Lorsque j’ai posé le pied sur Maio, je n’ai jamais pensé que cette île était condamnée. J’y ai vu un territoire silencieux, balayé par le vent, mais plein de possibilités. Cette terre attendait qu’on lui redonne ce que la modernité lui avait retiré : des sols vivants, de l’ombre, des haies, des cultures associées et, surtout, des gestes patients. Et puis, ma foi, je savais bien que le désert n’est jamais un ennemi. Il est simplement le signe d’un dialogue interrompu entre l’homme et la nature.
À Maio, l’eau n’est pas revenue par miracle : elle est revenue par intelligence !
Avec l’équipe qui s’est progressivement réunie autour de ce projet, nous avons partagé une idée très simple : l’eau n’est pas seulement une ressource, elle est souvent la conséquence d’un écosystème qui fonctionne.
Nous avons constaté que l’eau revient lorsque le sol retrouve sa vie. Lorsque les racines plongent profondément, que les arbres sont bien choisis, que le vent ralentit et que le sol reste couvert, alors la terre recommence peu à peu à retenir l’humidité. Et quand l’humidité revient, la vie revient avec elle. Nous avons travaillé avec patience, parfois dans le doute, mais toujours avec cette conviction. Non, l’eau n’est pas seulement un cadeau du ciel.
Elle est aussi le résultat du travail du vivant.
Moi qui ai visité tant d’oasis anciennes, je peux vous dire une chose : l’arbre y était toujours l’agriculteur en chef. Sur Maio, il l’est redevenu. Les habitants ont retrouvé leur rôle essentiel : celui de gardiens du vivant. Mais la renaissance de Maio n’est pas seulement écologique. Elle est aussi humaine. Car lorsqu’une terre reprend vie, les femmes et les hommes qui y vivent retrouvent eux aussi confiance dans l’avenir.

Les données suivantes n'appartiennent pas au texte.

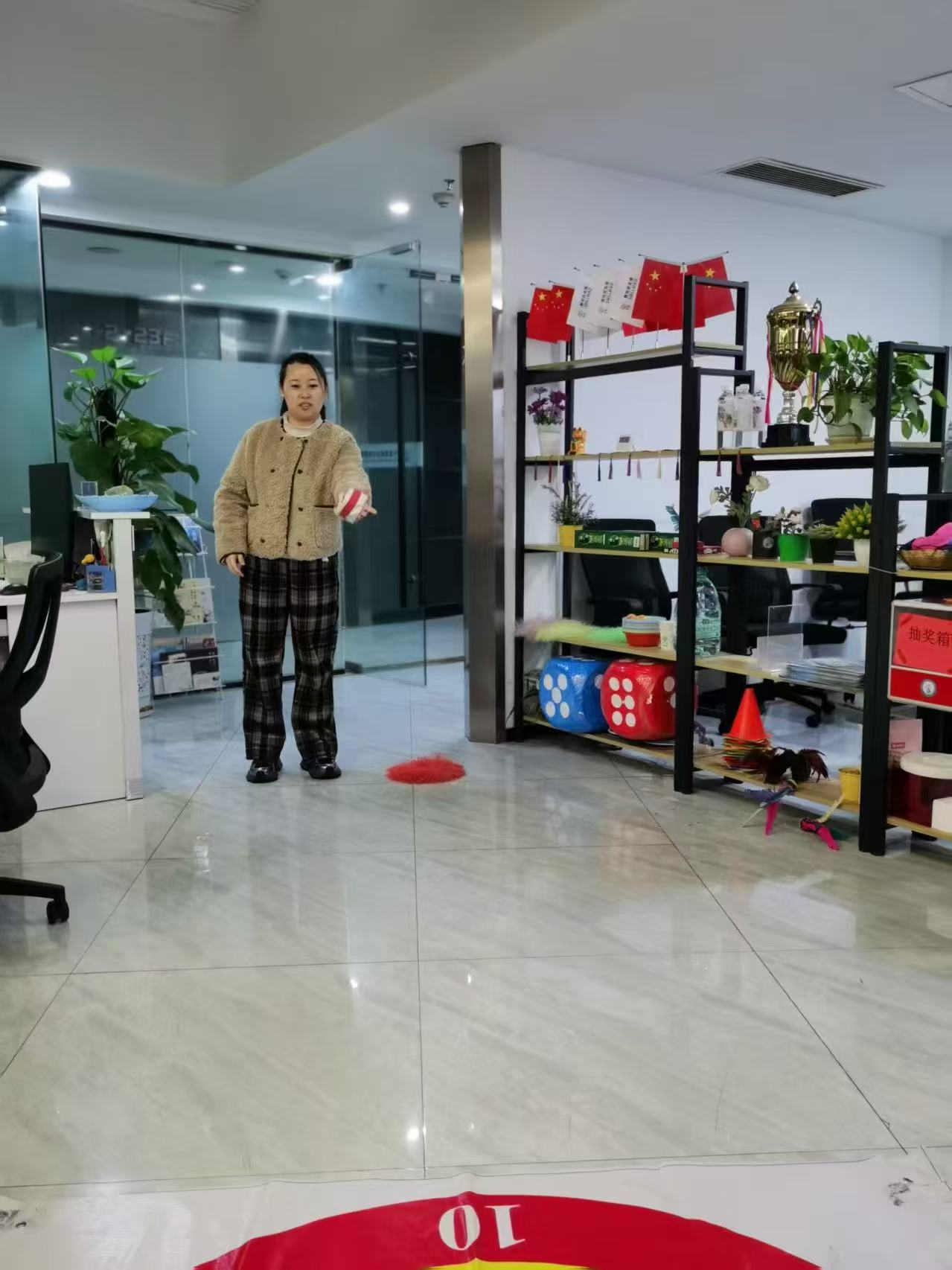 平日里堆满文件的桌子被腾开,有人蹲在地上整理投掷道具,嘴角藏着笑意;有人靠在椅背上刷活动预告,和同事小声打趣;抱着礼品托盘的姑娘来回走动,托盘上的小礼品碰撞出声。玻璃隔断后的会议室还亮着灯,但此刻的办公区,已成了没有层级、没有压力的天地——紧绷的肩膀放松,严肃的神情被笑容取代,原来职场卸下铠甲后,藏着这么多模样。
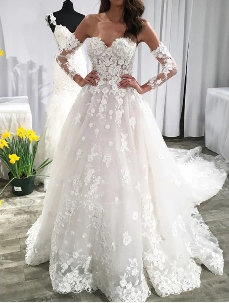 A Line Long Sleeves Ivory Lace Appliques Beads Sweetheart Long Wedding Dresses, 025
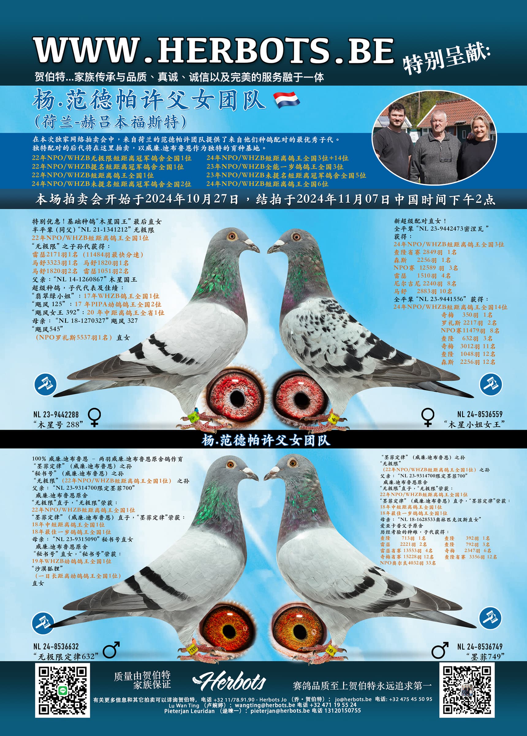 在这场独家綫上拍卖会上,来自荷兰的范德帕斯团队提供了他们种鸽配对中最優秀的鸽子。在这奉献给大家独特配对的子代以威廉·迪布恩最佳血统为基础。

Aujourd’hui, nous avons beaucoup appris à Maio. Nous avons expérimenté, parfois réussi, parfois corrigé nos erreurs.
Il nous appartient maintenant de transmettre ce savoir.
Et ce que je peux dire avec certitude, c’est que Maio prouve une chose : même les terres les plus fragiles peuvent retrouver leur souffle lorsqu’on travaille avec la nature au lieu de lutter contre elle. Sur cette île, nous avons vu revenir la vie là où beaucoup pensaient qu’elle avait disparu pour toujours. Face au changement climatique, le défi reste immense. Mais cette expérience nous rappelle que la résilience n’est pas un rêve.
Maio ou la naissance d’un futur possible
Maio montre que la résilience n’est pas une théorie : c’est une pratique. Une pratique qui transforme les paysages, mais aussi les hommes. Peut-être est-ce cela, au fond, la plus belle leçon de cette île : le bonheur des terres, comme celui des hommes, n’est jamais condamné à disparaître. Il attend simplement qu’on lui redonne une chance.